**COLLECTED DATA**
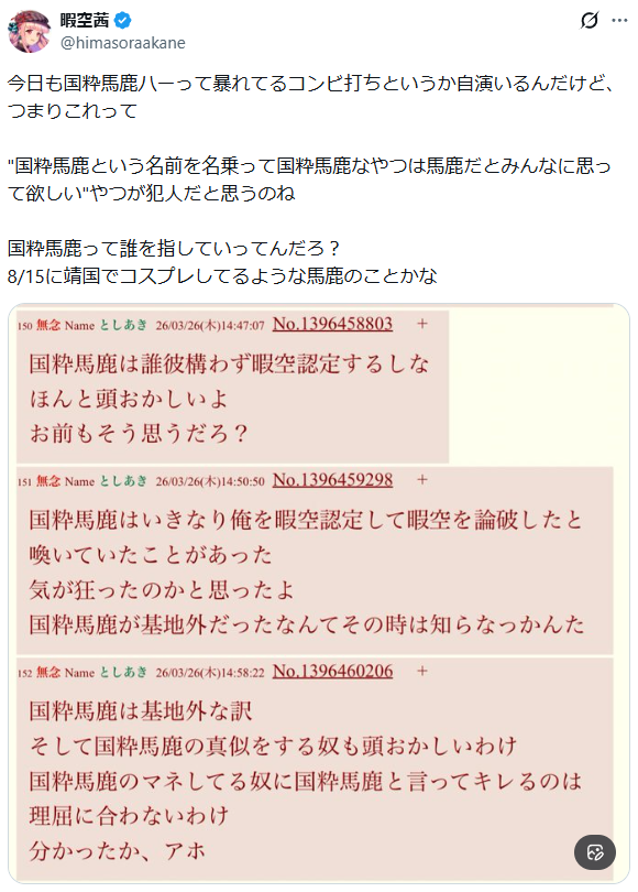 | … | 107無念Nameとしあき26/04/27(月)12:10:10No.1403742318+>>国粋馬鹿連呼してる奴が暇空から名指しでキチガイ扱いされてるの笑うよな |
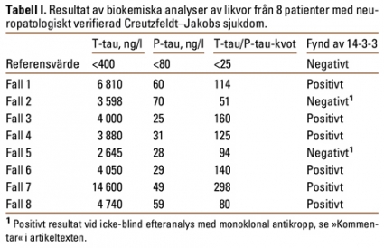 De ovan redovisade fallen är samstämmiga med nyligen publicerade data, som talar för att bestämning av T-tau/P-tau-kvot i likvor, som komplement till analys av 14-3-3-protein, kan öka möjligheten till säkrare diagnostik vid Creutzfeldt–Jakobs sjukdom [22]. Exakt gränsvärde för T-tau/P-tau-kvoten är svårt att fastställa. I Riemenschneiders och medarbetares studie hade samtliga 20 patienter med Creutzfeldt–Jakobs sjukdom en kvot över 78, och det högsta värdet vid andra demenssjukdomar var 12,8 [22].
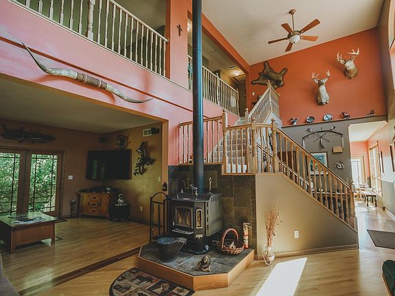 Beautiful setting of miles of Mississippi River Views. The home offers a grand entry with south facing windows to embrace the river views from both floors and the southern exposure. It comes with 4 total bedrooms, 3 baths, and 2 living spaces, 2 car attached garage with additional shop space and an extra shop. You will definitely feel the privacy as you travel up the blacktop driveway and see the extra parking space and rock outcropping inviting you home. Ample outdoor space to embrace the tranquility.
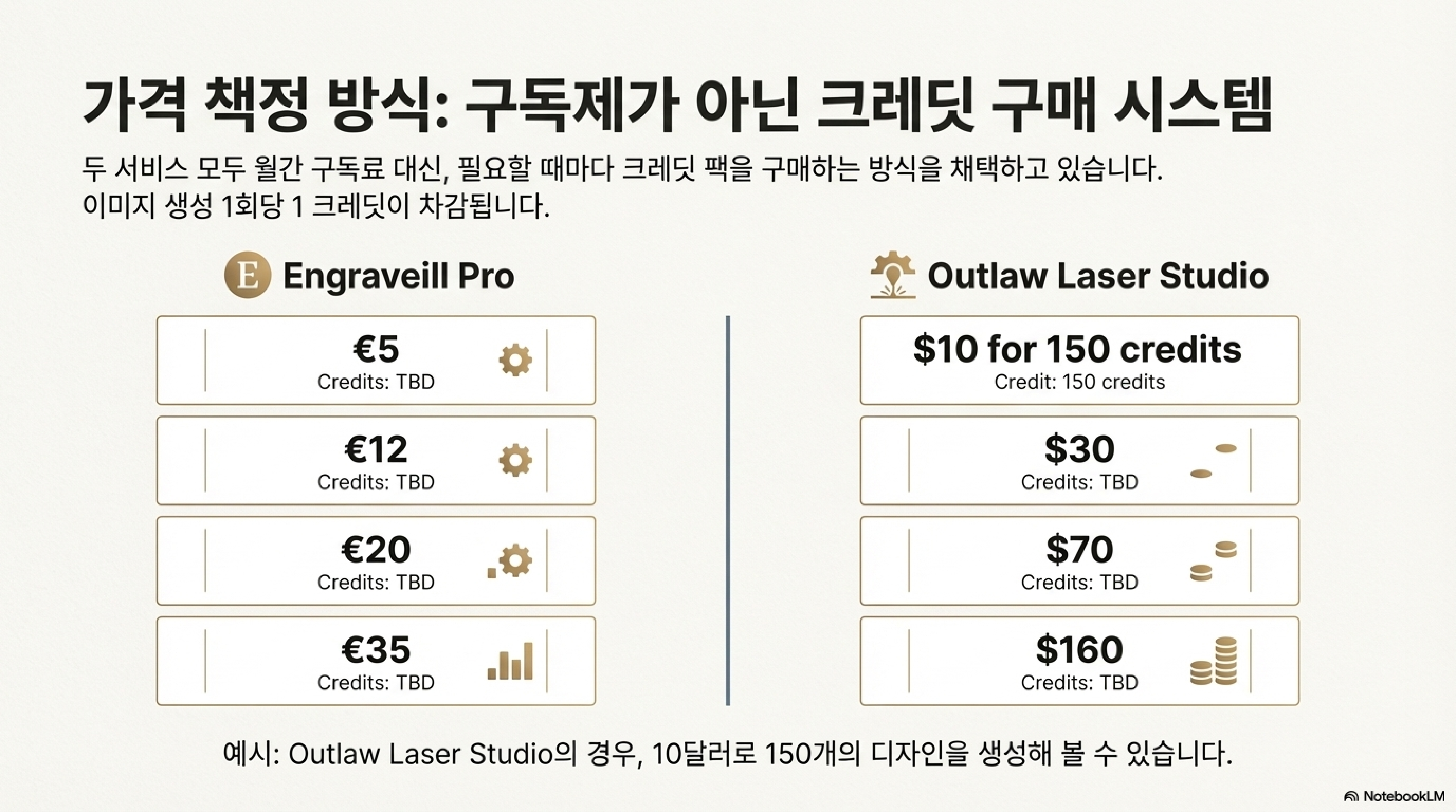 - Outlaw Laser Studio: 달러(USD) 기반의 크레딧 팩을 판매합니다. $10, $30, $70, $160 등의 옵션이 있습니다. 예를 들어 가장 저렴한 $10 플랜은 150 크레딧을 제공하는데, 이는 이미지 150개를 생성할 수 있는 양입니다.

**WHAT THE TASK REQUIRES**
Write out the listing again word for word, but without its pictures.

**WRITTEN RESPONSE**
 | … | 107無念Nameとしあき26/04/27(月)12:10:10No.1403742318+>>国粋馬鹿連呼してる奴が暇空から名指しでキチガイ扱いされてるの笑うよな |
 De ovan redovisade fallen är samstämmiga med nyligen publicerade data, som talar för att bestämning av T-tau/P-tau-kvot i likvor, som komplement till analys av 14-3-3-protein, kan öka möjligheten till säkrare diagnostik vid Creutzfeldt–Jakobs sjukdom [22]. Exakt gränsvärde för T-tau/P-tau-kvoten är svårt att fastställa. I Riemenschneiders och medarbetares studie hade samtliga 20 patienter med Creutzfeldt–Jakobs sjukdom en kvot över 78, och det högsta värdet vid andra demenssjukdomar var 12,8 [22].
 Beautiful setting of miles of Mississippi River Views. The home offers a grand entry with south facing windows to embrace the river views from both floors and the southern exposure. It comes with 4 total bedrooms, 3 baths, and 2 living spaces, 2 car attached garage with additional shop space and an extra shop. You will definitely feel the privacy as you travel up the blacktop driveway and see the extra parking space and rock outcropping inviting you home. Ample outdoor space to embrace the tranquility.
 - Outlaw Laser Studio: 달러(USD) 기반의 크레딧 팩을 판매합니다. $10, $30, $70, $160 등의 옵션이 있습니다. 예를 들어 가장 저렴한 $10 플랜은 150 크레딧을 제공하는데, 이는 이미지 150개를 생성할 수 있는 양입니다.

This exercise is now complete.